Google I/O 2026 recap: Gemini Omni, Spark, and Gemini 3.5

What Google announced on May 19, 2026 — and what actually deserves your attention

May 20, 20268 min readClipia

Google I/O 2026 recap: Gemini Omni, Spark, and Gemini 3.5

On May 19, 2026, Google ran its I/O — and for the first time in a couple of years, it wasn't "yet another model." It was a paradigm pivot. Gemini is shifting from a tool you prompt and wait on into a system that sees, hears, generates, and gets work done on its own.

The short version: one model now makes video out of literally any input (Omni), another one lives in your background 24/7 and closes tasks while you sleep (Spark), and the new core Gemini 3.5 Flash is four times faster than the previous frontier.

Here's everything that landed at I/O 2026 — without the marketing fog — and what actually deserves your attention.

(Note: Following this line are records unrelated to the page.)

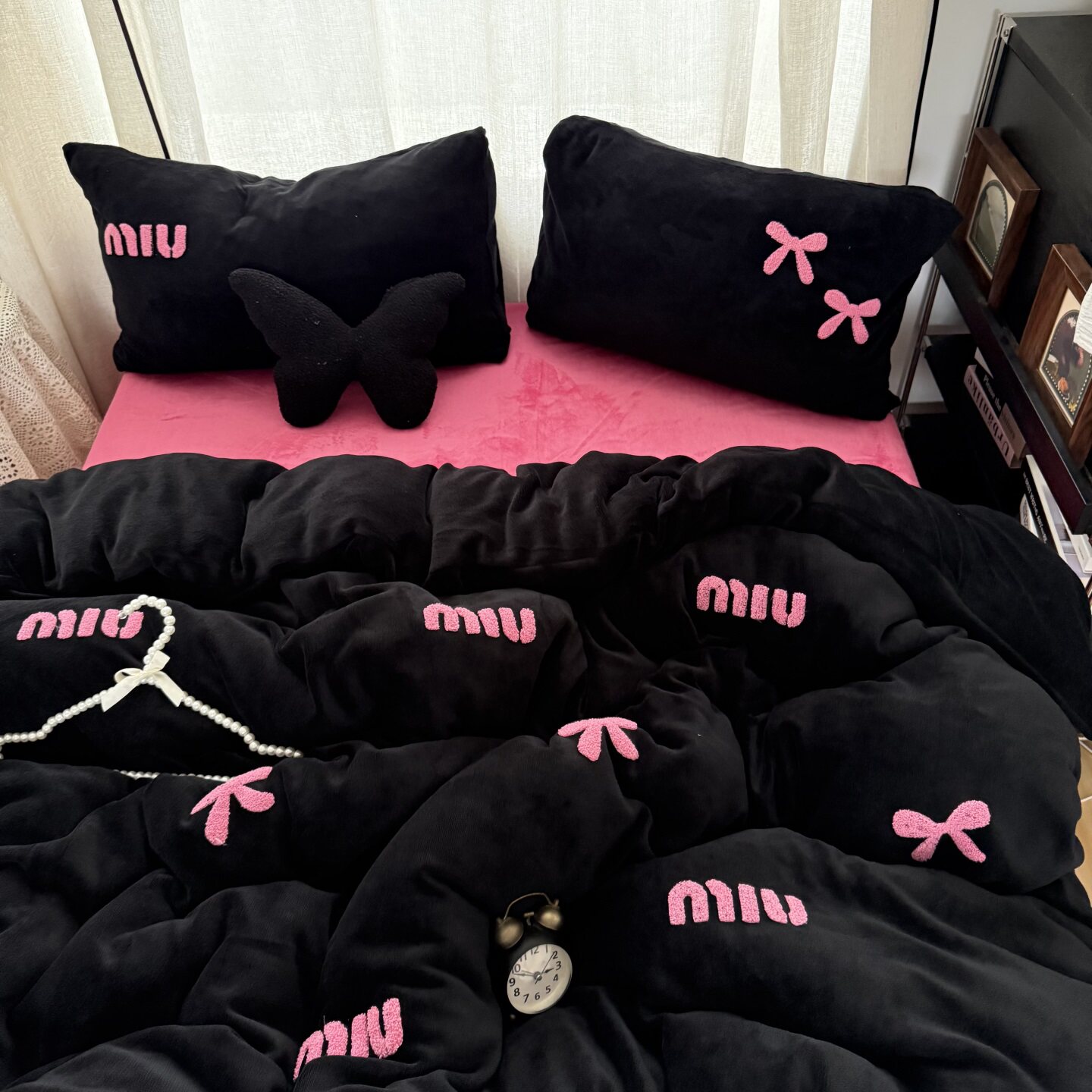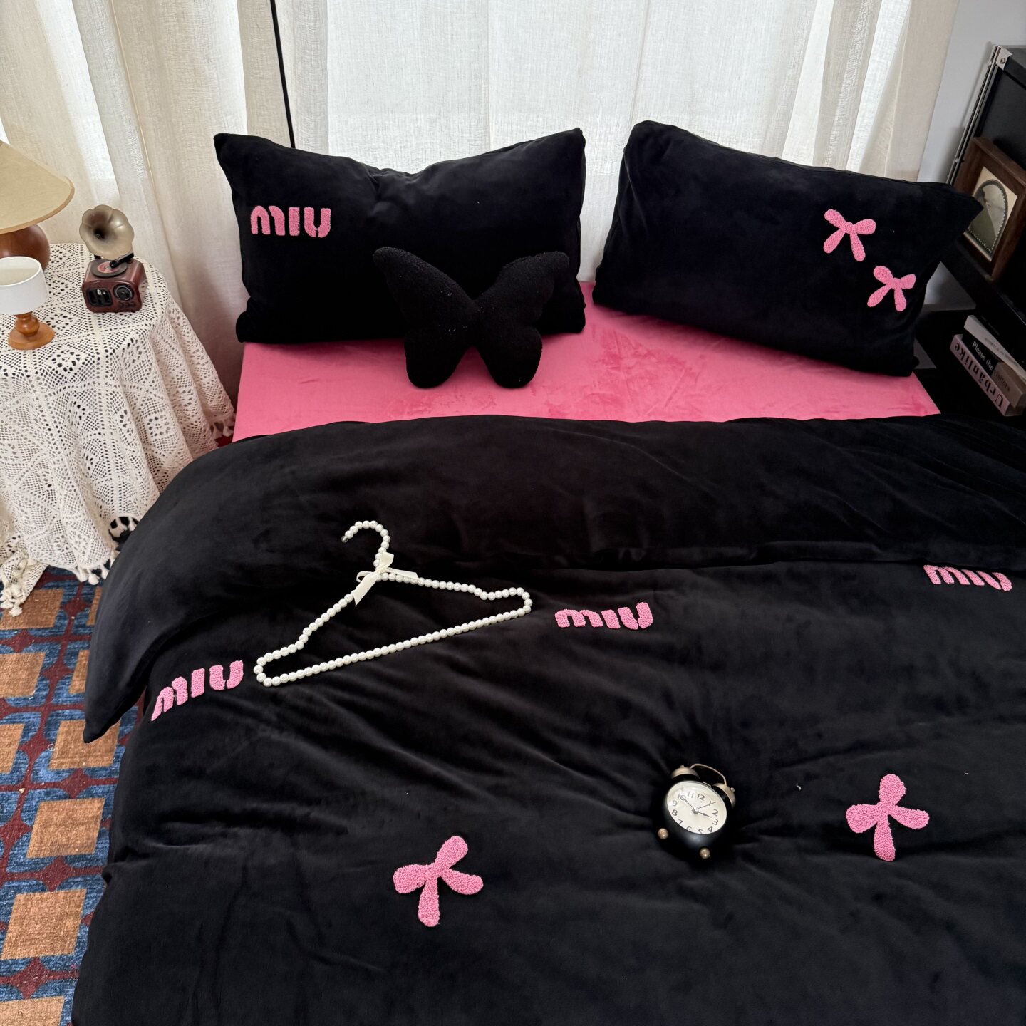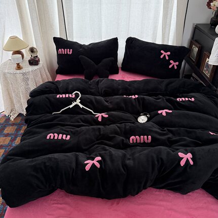 多巴胺少女黑玫粉蝴蝶结毛巾绣加厚牛奶绒四件套冬天珊瑚绒三件套
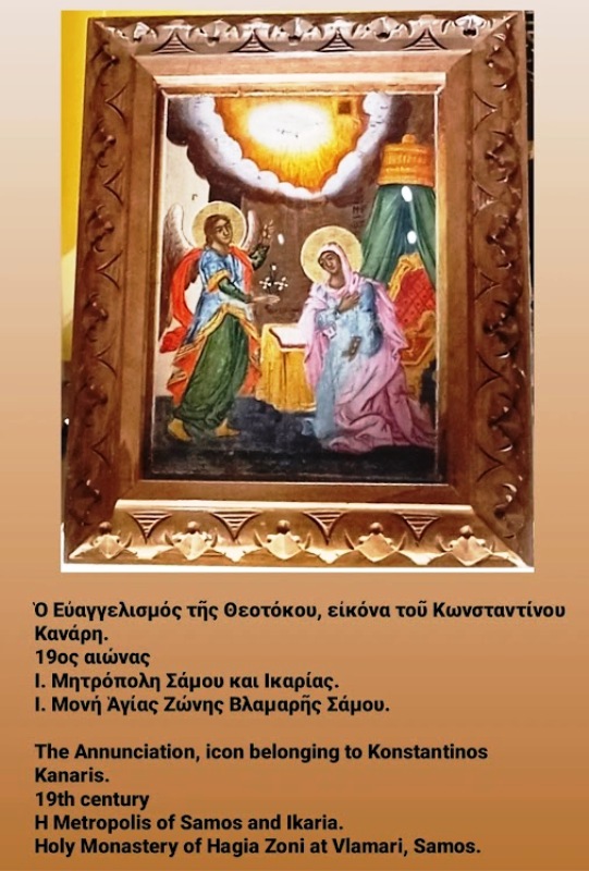 2ον η Ιερά Εικόνα Ευαγγελισμού της Θεοτόκου κειμήλιο του Ήρωος της Ελληνικής επαναστάσεως Κωνσταντίνου Κανάρη (Ιερά Μονή Αγίας Ζώνης Βλαμαρής Σάμου). Διαστάσεις: 0,30 cm χ 0,24 cm που είχαν επιλεγεί για την έκθεση της Εκκλησίας της Ελλάδος στο Βυζαντινό και Χριστιανικό Μουσείο στην Αθήνα από 8/2/2022 έως 30/5/2022 επεστράφησαν και παρελήφθησαν από την Ιερά Μητρόπολή μας.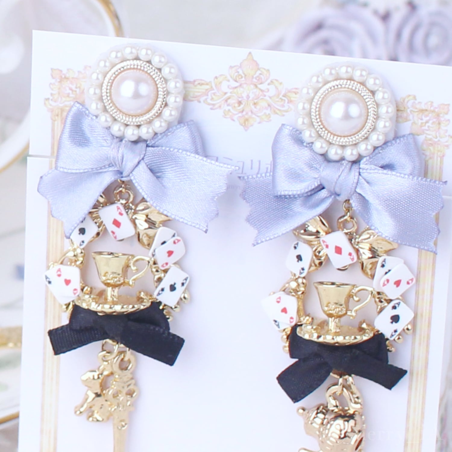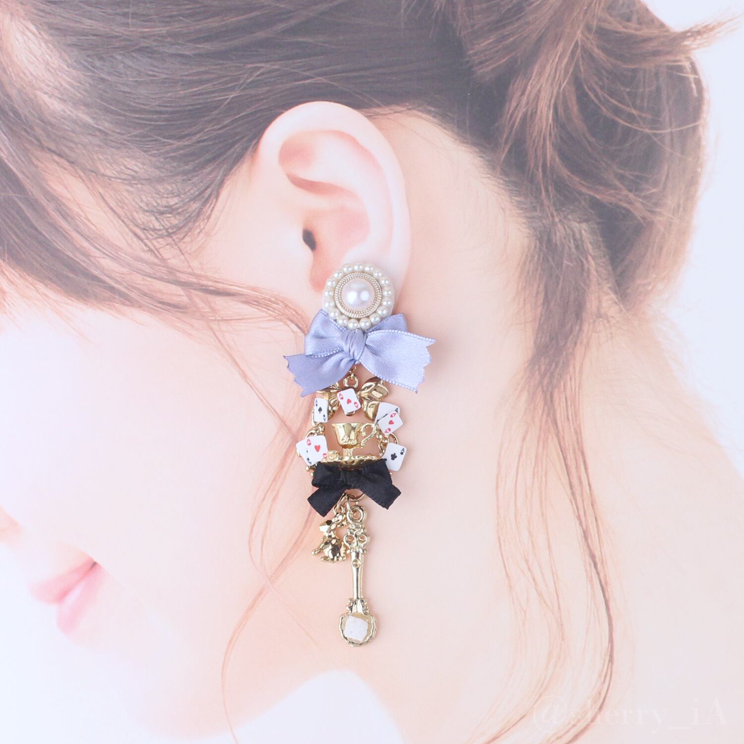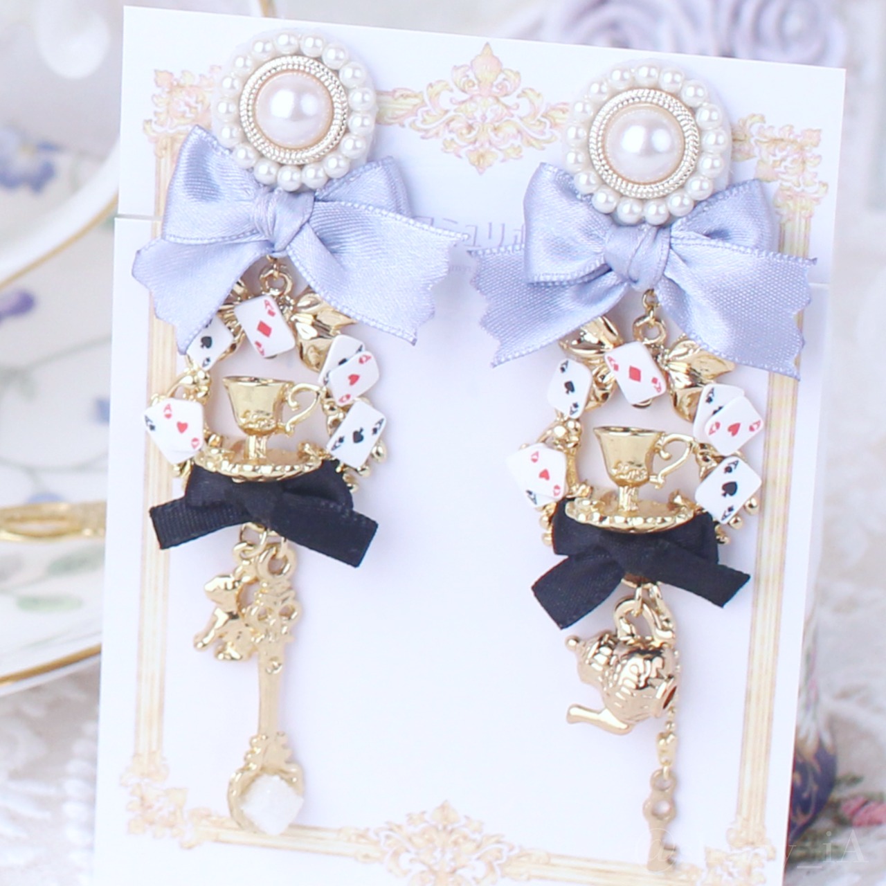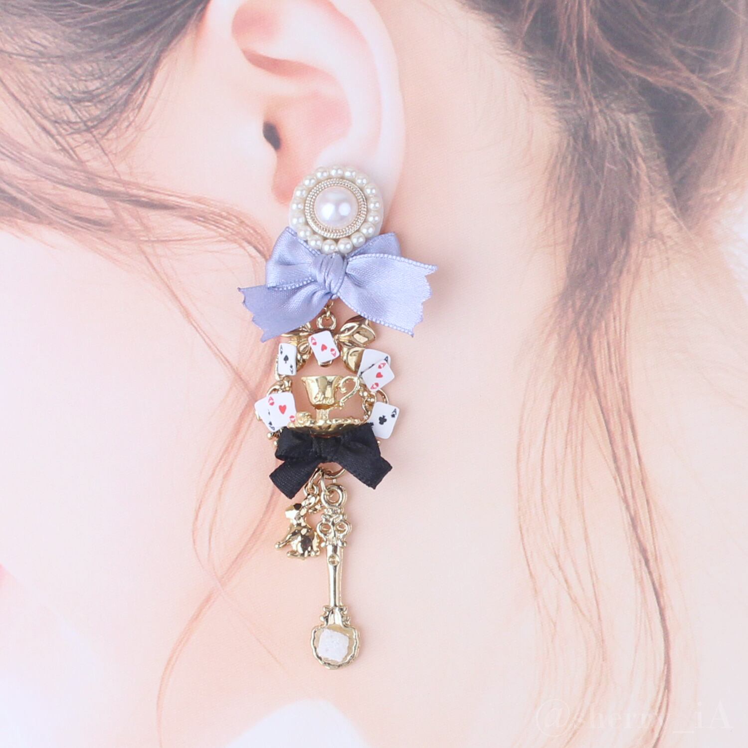 不思議の国のアリスのお茶会耳飾り -アリス- 〈不思議の国のティーパーティーをモチーフにしたピアス/イヤリング〉トランプ うさぎ ティースプーン ティーポット 鍵 角砂糖 水色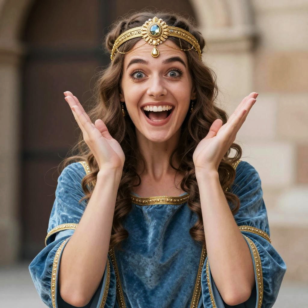 Funny medieval costume, woman in a blue dress and gold headpiece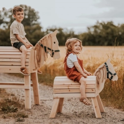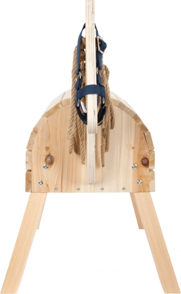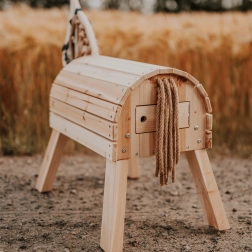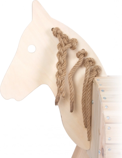 Calul din lemn pentru copii este fabricat din lemn durabil netratat, care poate fi tratat cu lac de protecție dacă este necesar. Înălțimea spatelui calului este de 50 cm, ceea ce facilitează accesul chiar și pentru copiii mai mici. Calul stă pe picioare stabile, ceea ce îl face sigur pentru joaca acasă și în exterior. Pachetul include un ham, la care se poate atașa o funie de conducere pentru o interacțiune mai mare în timpul jocului. Calul din lemn susține dezvoltarea imaginației și motricității fine a copiilor datorită coamei și cozii din sisal, pe care le pot împleti și pieptăna.

One note: we're already wiring Gemini Omni into Clipia — no separate Google subscription, no VPN. Subscribe to our Telegram channel to hear about it on launch day. Meanwhile, Clipia already runs Veo 3.1, Seedance 2.0, Kling 3.0 — same class of models.

Watch the keynote

A one-minute keynote sizzle — no commentary, just Gemini Omni results:

The full Google I/O 2026 keynote recording (~1h 50m) and Google's official 35-minute recap, both on Google's YouTube channel:

▶ Full keynote (1h 50m) · Condensed 35-minute recap

TL;DR — the 60-second version

Gemini Omni — multimodal "anything in, anything out" model. Inputs: text, images, audio, video. Output: up to 10 seconds of video with sound. Conversational voice editing.
Gemini Spark — AI agent that runs in the background 24/7 on Google Cloud, even with your laptop closed and your phone locked. Reads email, drafts in Docs, fills Sheets.
Gemini 3.5 Flash — new frontier model, 4× faster, beats 3.1 Pro on coding and multimodal benchmarks.
AI Search — search box now accepts images, files, video, and even Chrome tabs as input.
Smart Glasses — eyewear with Samsung, Gentle Monster, and Warby Parker, Gemini built in. US, this fall.
Wear OS 7, Googlebooks, Universal Cart, Neural Expressive — a wave of ecosystem updates.
AI Ultra — now $100/month, with a $200/month top tier.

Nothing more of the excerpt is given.